Appellant's second Lanham Act argument contends that the ad constitutes false advertising because the statement "GUILTY OF MISLEADING THE AMERICAN PUBLIC", made with reference to Groden and the other authors, and the statement, "ONE MAN. ONE GUN. ONE INESCAPABLE CONCLUSION.", made with reference to Posner's thesis, are both false. This claim also is without a basis in law. In order to be actionable under the Lanham Act, a challenged advertisement must be literally false or, though literally true, likely to mislead or confuse consumers. See Johnson & Johnson * Merck Consumer Pharmaceuticals Co. v. Smithkline Beecham Corp., 960 F.2d 294, 297 (2d Cir.1992); McNeil-P.C.C., 938 F.2d at 1549. However, statements of opinion are generally not the basis for Lanham Act liability. See Restatement (Third) of Unfair Competition Sec. 3 cmt. d (1993).
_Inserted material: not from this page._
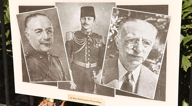 18 Mart kahramanlarından Cevat Çobanlı Paşa'nın fotoğrafları, içerisinde büstünün de yer aldığı ve adının verildiği parkta sergileniyor.

As the District Court noted, the statement "GUILTY OF MISLEADING THE AMERICAN PUBLIC" is obviously a statement of opinion that could not reasonably be seen as stating or implying provable facts about Groden's work. See Licata & Co., Inc. v. Goldberg, 812 F.Supp. 403, 408 (S.D.N.Y.1993); see also Lane v. Random House, 1995 WL 46376 at * 9 (finding same statement at issue here to be "rhetorical hyperbole" that "does not state actual facts about an individual" and "cannot be proven true or false");


There are widely varying opinions on the underlying factual matter, not all favorable to Posner.

See also
The concept of anticipation: before the USPTO and book buyers


Update. 1 Sept 10***On non sequiturs, note
Logos: The Gray Area between Copyright and Trademark which talks about distinctions between trademarks, not between copyrights and trademarks:

However, that doesn’t mean you can prevent any and all uses of, say, your company name. Ace Hardware and Ace Bandages can peaceably co-exist because they fall into different markets that are unlikely to overlap and cause confusion.